Displaying Form Data (Using PHP & HTML Together)

<?php
$name = isset($_POST["name"]) ? htmlspecialchars($_POST["name"]) : "";
$email = isset($_POST["email"]) ? htmlspecialchars($_POST["email"]) : "";
?>

<form method="POST">
    <label>Name:</label>
    <input type="text" name="name" value="<?php echo $name; ?>">
    
    <label>Email:</label>
    <input type="email" name="email" value="<?php echo $email; ?>">

    <input type="submit" value="Submit">
</form>

📌 Why is this useful?

If there’s an error, the user doesn’t have to re-enter data.

Redirecting After Form Submission

Avoid form resubmission issues by using header():

header("Location: success.php");
exit();

Storing Form Data in a Database

Step 1: Connect to a Database

$pdo = new PDO("mysql:host=localhost;dbname=testdb", "username", "password");

Step 2: Insert Data Securely

$stmt = $pdo->prepare("INSERT INTO users (name, email) VALUES (?, ?)");
$stmt->execute([$_POST["name"], $_POST["email"]]);

✅ Always use prepared statements to prevent SQL injection.
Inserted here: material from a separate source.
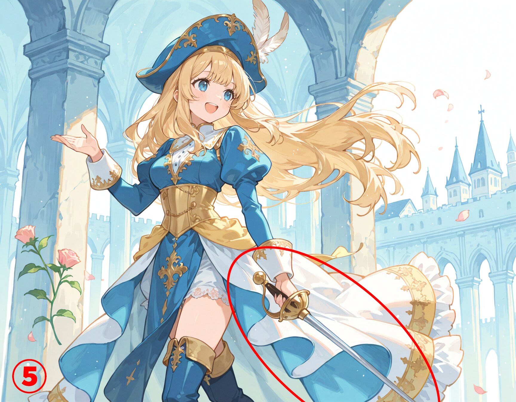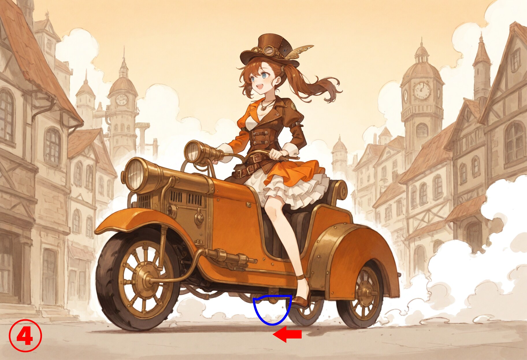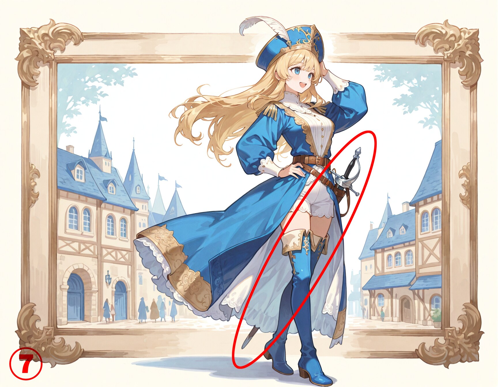 🔍【完成イラストで気になるところ】 ※あくまで私が個人的に気になる点です ①剣が身体の後ろを通ってずれてしまう ・わりとよくある左右のズレ →後ろの手すりなどが大きくズレていて修正が困難な場合は諦めます これくらいであれば剣を切り取って上にずらして修正したりします ②微妙にわかりにくい身体の違和感 ・右足の太ももが左足の後ろで少しずれてしまっています →簡単に直せそうですが、意外に大変でだいたい諦めています ・身体の奥にある右手がカフスの位置からとんでもなく遠くに出てしまっています →この場合は右手の指を消します ③右足のふくらはぎがとんでもなく太い ・赤丸の部分と反対側が両方見えていてふくらはぎがとんでもなく太く見えます →赤丸部分か、太ももの上部分のどちらかを消しますが、だいたい上手くいかずに作り直しに・・・ ④右後輪の位置 ・乗り物あるあるですが、タイヤの位置がちょっと後ろ過ぎな感じです (※右後輪も左と同じように張り出していると仮定しています →修正出来そうなら少し前に移動します ⑤シチュエーション的に気になる ・城内をのんびり歩いていて戦闘状態では無いのに抜刀しているのが気になります →レイピアを鞘に入れて腰に吊っている状態で作り直します ⑥⑦どちらも単体で見ればそれほど変では無いけど・・・ ・同じ格好の同一人物という設定なので、持っているレイピアの長さが違うのが気になります →正直、これはそこまで気にしなくても良いかな~とは思いますが・・・ ⑧よく見ると視線がおかしい ・女の子が小さい子に風船をあげているシーンに見えますが、よく見ると視線が合っていません →投稿してからなんか違和感あるなぁと思っていて気づきました (※投稿から時間が経ってしまったので削除せずそのままにしてあります ⑨脚の太さや長さに違和感があるけど・・・ ・これは脚が細いし長すぎるけど、絵として迫力があるのでそのまま使います →⑧くらいの長さにするとだいぶ迫力が無くなってしまうと思います 🧠【後記】 普段、完成イラストをチェックする際に気になりそうなポイントをいくつか挙げてみました 簡単に直せそうな所はPhotoshopなどで直しますが、ボツにして作り直すことも多いですね # Model: shiitakeMix v2.0 by Vsukiyaki

Sending Form Data via Email

$to = "admin@example.com";
$subject = "New Form Submission";
$message = "Name: " . $_POST["name"] . "\nEmail: " . $_POST["email"];
$headers = "From: noreply@example.com";

mail($to, $subject, $message, $headers);

Summary: PHP Form Handling Best Practices

🔹 Use $_POST for sensitive data (e.g., passwords).
🔹 Use $_GET for search queries and navigation.
🔹 Validate and sanitize input to prevent security risks.
🔹 Use prepared statements for database interactions.
🔹 Prevent XSS and CSRF attacks with htmlspecialchars() and tokens.
🔹 Redirect users after form submission to prevent duplicate entries.